| WHAT THE TASK REQUIRES |
Leave every picture out, and print the full listing again exactly.

| SUPPLIED MATERIAL |
----------------
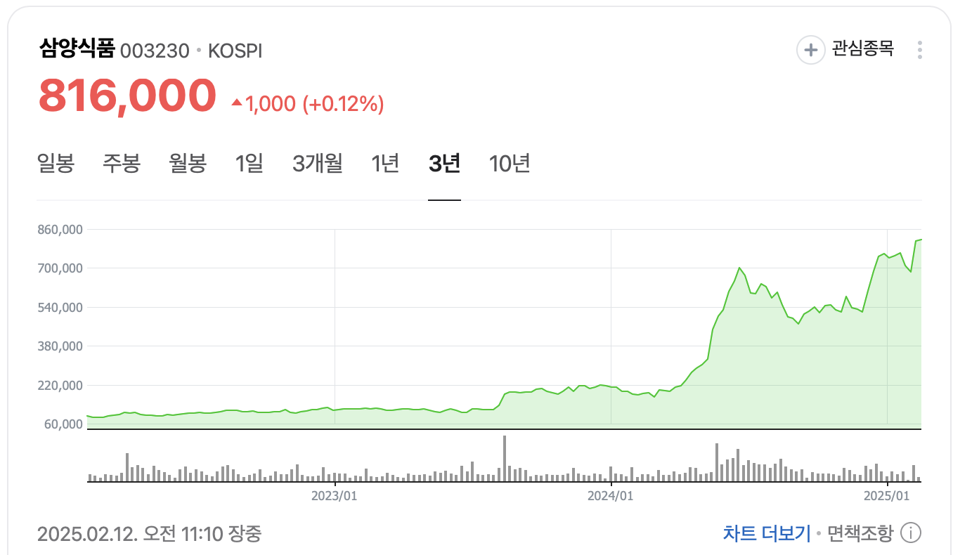 11일 유통업계에 따르면 현재 CU·GS25·세븐일레븐에서 불닭볶음면의 발주가 이뤄지지 않고 있다. 편의점업계 관계자는 "며칠 전부터 공급 부족으로 인해 발주가 중단된 상태"라며 "정상적인 발주 재개 시점은 아직 정해지지 않았다"고 밝혔다. 삼양식품 관계자는 "불닭볶음면의 생산량이 제한되어 있어 내수와 수출 주문량을 동시에 맞추기 어려운 상황"이라며 "지난달 설 연휴 기간 동안 공장 가동을 중단한 영향으로 국내 시장 공급이 일시적으로 부족했지만 조만간 안정될 예정"이라고 설명했다. ------- 한편 삼양식품은 지난해 사상 최대 실적을 기록했다. 이 회사의 지난해 연결기준 매출과 영업이익은 1조7300억원, 3442억원으로 전년 동기 대비 각각 45%, 133% 증가했다. 수출 비중은 2023년 68%에서 지난해 3분기 기준 77%로 1년 만에 10% 가량 늘었다. 미국과 유럽 내 불닭브랜드 인기가 확산되며 물량을 맞추기 어려울 정도로 해외 수요가 급격히 증가한 것이 최대 실적으로 이어졌다. -------------- 삼양식품 관계자는 "6월 준공을 앞둔 밀양2공장이 본격적으로 가동되면 해외 매출 확대에 더 속도를 낼 수 있을 것"이라고 설명했다. https://n.news.naver.com/mnews/article/011/0004449282?sid=101 찐으로 잘팔려서 불닭 물량이 딸려 공장을 확장하고 있다고 합니다. 인위적인 품절 마케팅이 아니라 진짜 미친듯이 팔려서 주가, 매출, 영업이익 다 폭주중... 0
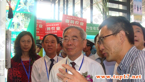 圖為:原農業部陳耀邦部長(左二)在全國農技推廣服務中心夏敬源主任(左三)、栗鐵申副主任(右二)、首席專家彭世琪女士(右一)等陪同下參觀托普展位。
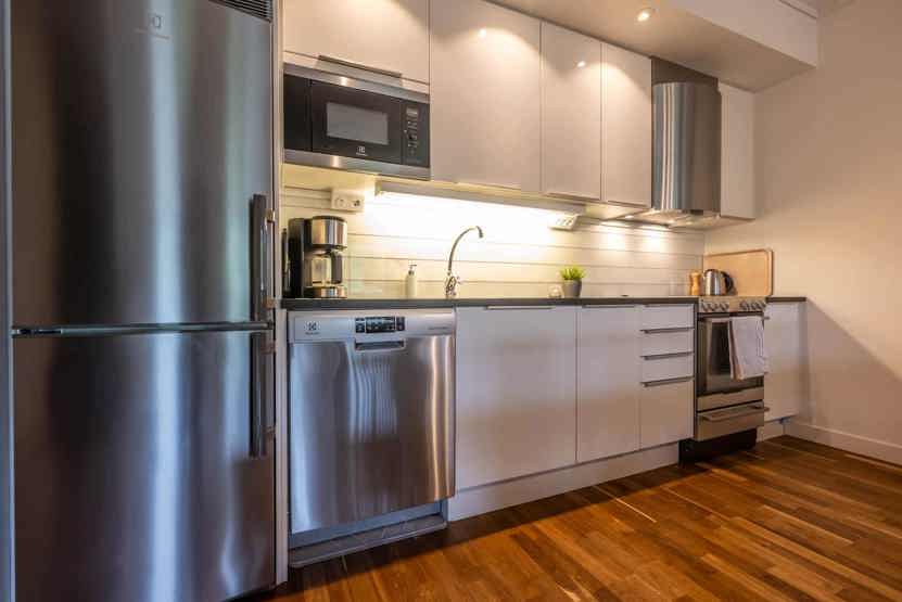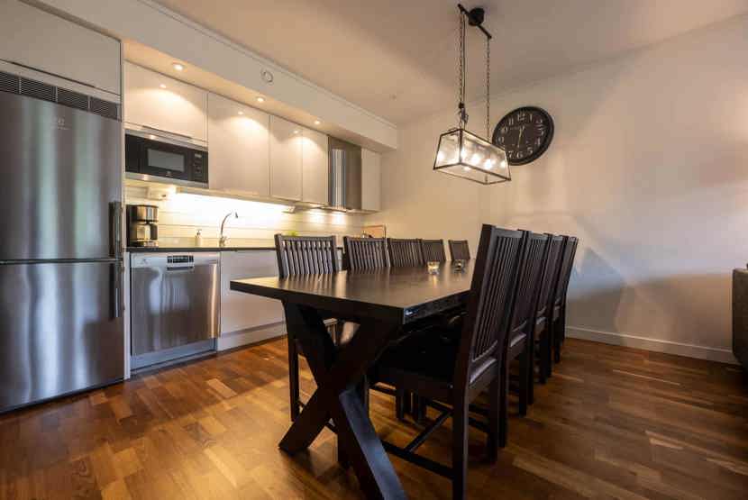 Køkkenet indeholder: keramiske kogeplader, ovn, microovn, køleskab, frys, opvaskemaskine.
----------------
| EXERCISE RESULT |
 11일 유통업계에 따르면 현재 CU·GS25·세븐일레븐에서 불닭볶음면의 발주가 이뤄지지 않고 있다. 편의점업계 관계자는 "며칠 전부터 공급 부족으로 인해 발주가 중단된 상태"라며 "정상적인 발주 재개 시점은 아직 정해지지 않았다"고 밝혔다. 삼양식품 관계자는 "불닭볶음면의 생산량이 제한되어 있어 내수와 수출 주문량을 동시에 맞추기 어려운 상황"이라며 "지난달 설 연휴 기간 동안 공장 가동을 중단한 영향으로 국내 시장 공급이 일시적으로 부족했지만 조만간 안정될 예정"이라고 설명했다. ------- 한편 삼양식품은 지난해 사상 최대 실적을 기록했다. 이 회사의 지난해 연결기준 매출과 영업이익은 1조7300억원, 3442억원으로 전년 동기 대비 각각 45%, 133% 증가했다. 수출 비중은 2023년 68%에서 지난해 3분기 기준 77%로 1년 만에 10% 가량 늘었다. 미국과 유럽 내 불닭브랜드 인기가 확산되며 물량을 맞추기 어려울 정도로 해외 수요가 급격히 증가한 것이 최대 실적으로 이어졌다. -------------- 삼양식품 관계자는 "6월 준공을 앞둔 밀양2공장이 본격적으로 가동되면 해외 매출 확대에 더 속도를 낼 수 있을 것"이라고 설명했다. https://n.news.naver.com/mnews/article/011/0004449282?sid=101 찐으로 잘팔려서 불닭 물량이 딸려 공장을 확장하고 있다고 합니다. 인위적인 품절 마케팅이 아니라 진짜 미친듯이 팔려서 주가, 매출, 영업이익 다 폭주중... 0
 圖為:原農業部陳耀邦部長(左二)在全國農技推廣服務中心夏敬源主任(左三)、栗鐵申副主任(右二)、首席專家彭世琪女士(右一)等陪同下參觀托普展位。
 Køkkenet indeholder: keramiske kogeplader, ovn, microovn, køleskab, frys, opvaskemaskine.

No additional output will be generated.